▶ **Collected data**:
"""

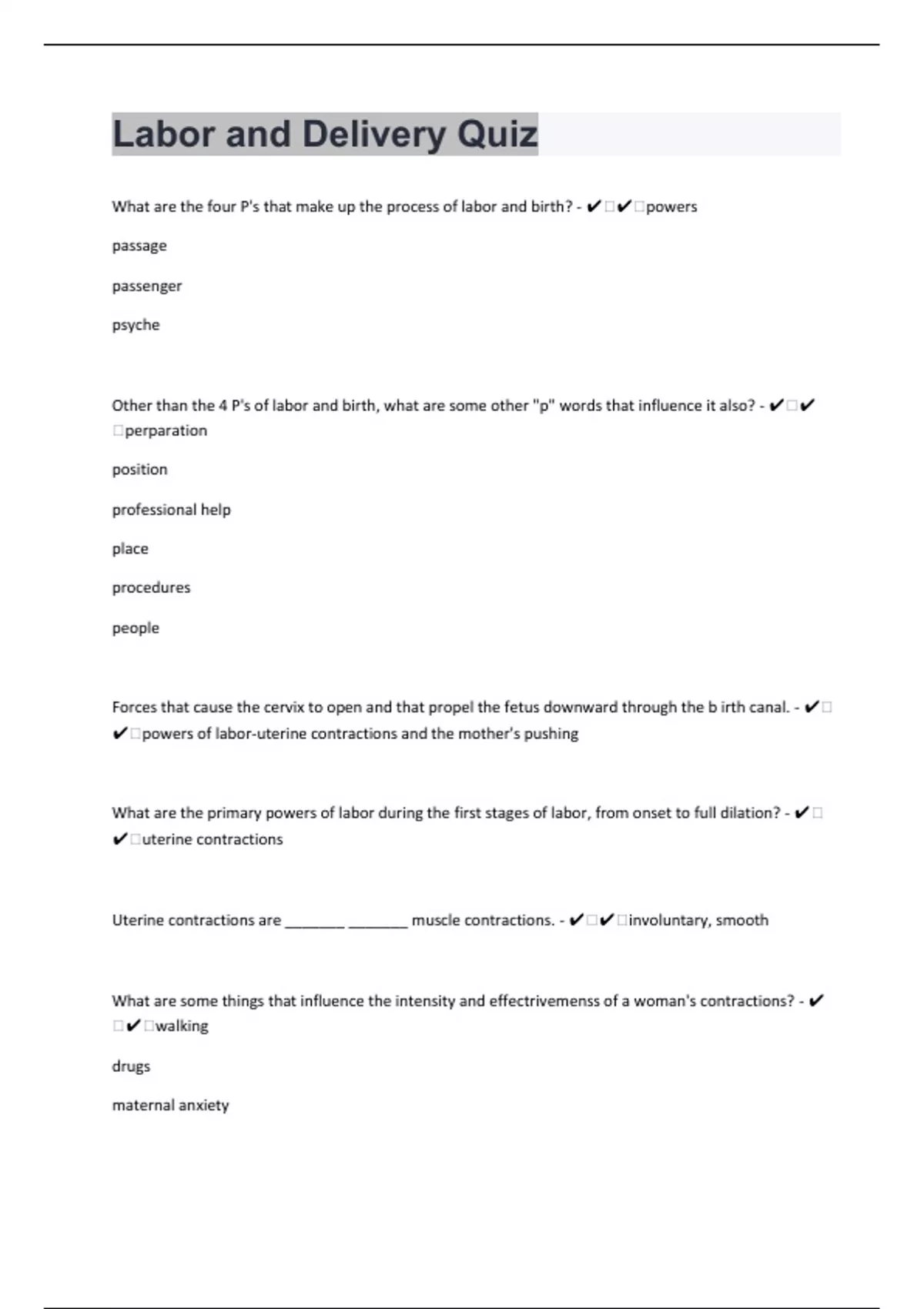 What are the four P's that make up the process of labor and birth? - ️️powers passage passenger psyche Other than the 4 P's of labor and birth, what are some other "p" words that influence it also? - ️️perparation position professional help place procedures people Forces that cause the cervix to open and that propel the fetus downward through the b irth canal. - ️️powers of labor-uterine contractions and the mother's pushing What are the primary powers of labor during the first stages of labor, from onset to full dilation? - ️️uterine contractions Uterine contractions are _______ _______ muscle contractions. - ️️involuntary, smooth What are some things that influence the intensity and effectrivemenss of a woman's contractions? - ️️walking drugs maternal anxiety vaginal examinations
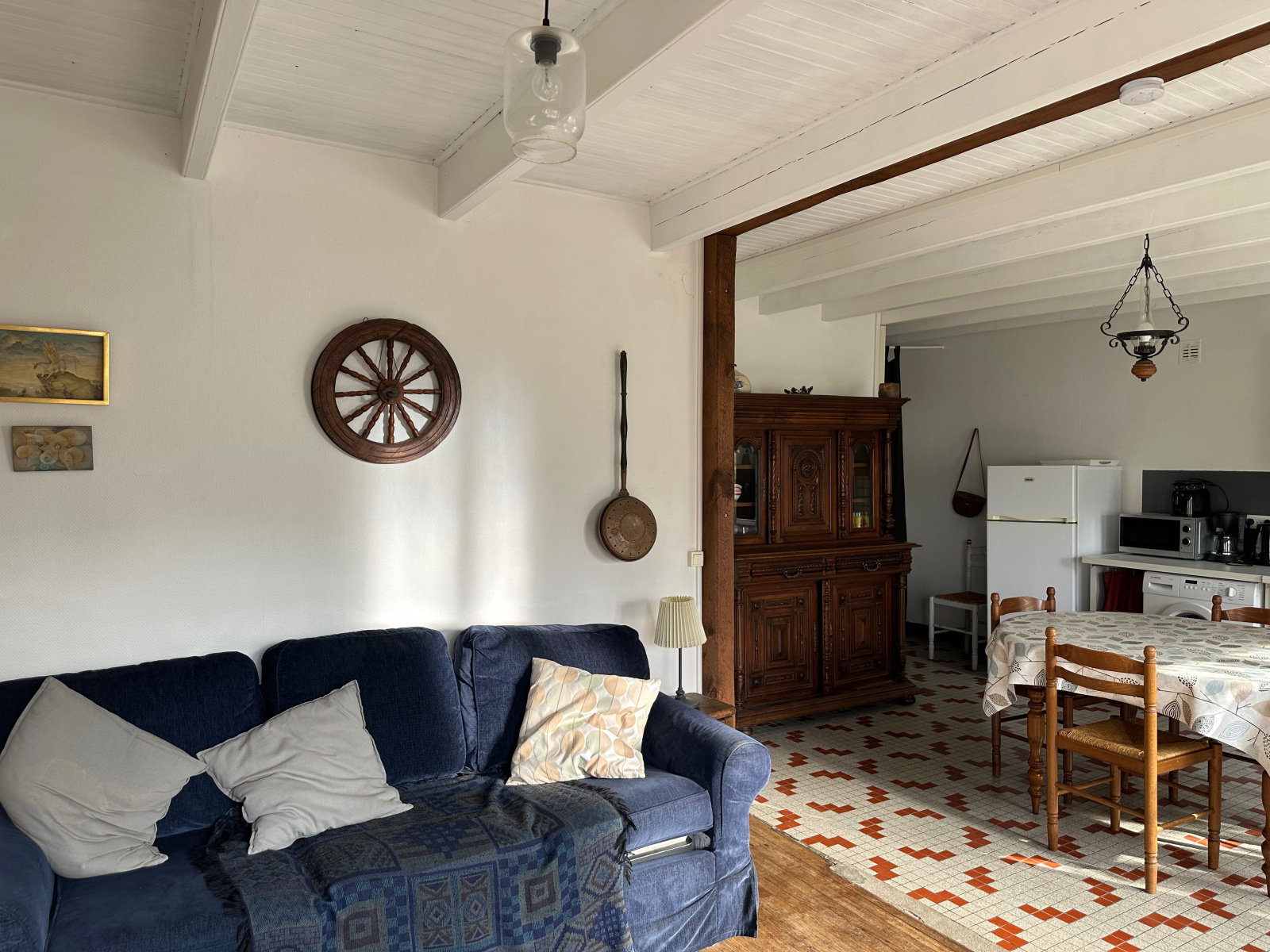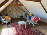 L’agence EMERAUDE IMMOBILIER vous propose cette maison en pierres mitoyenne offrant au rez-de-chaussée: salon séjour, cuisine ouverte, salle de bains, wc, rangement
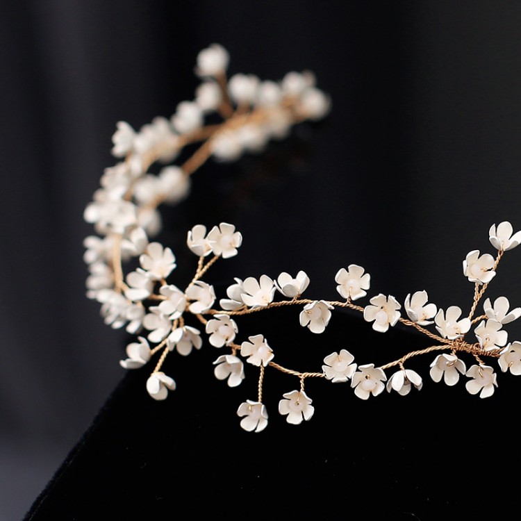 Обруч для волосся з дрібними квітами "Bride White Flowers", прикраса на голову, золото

"""

▶ **Directions**:
Where a picture appears, skip it; repeat everything else in the data exactly.

▶ **Answer space**:
 What are the four P's that make up the process of labor and birth? - ️️powers passage passenger psyche Other than the 4 P's of labor and birth, what are some other "p" words that influence it also? - ️️perparation position professional help place procedures people Forces that cause the cervix to open and that propel the fetus downward through the b irth canal. - ️️powers of labor-uterine contractions and the mother's pushing What are the primary powers of labor during the first stages of labor, from onset to full dilation? - ️️uterine contractions Uterine contractions are _______ _______ muscle contractions. - ️️involuntary, smooth What are some things that influence the intensity and effectrivemenss of a woman's contractions? - ️️walking drugs maternal anxiety vaginal examinations
 L’agence EMERAUDE IMMOBILIER vous propose cette maison en pierres mitoyenne offrant au rez-de-chaussée: salon séjour, cuisine ouverte, salle de bains, wc, rangement
 Обруч для волосся з дрібними квітами "Bride White Flowers", прикраса на голову, золото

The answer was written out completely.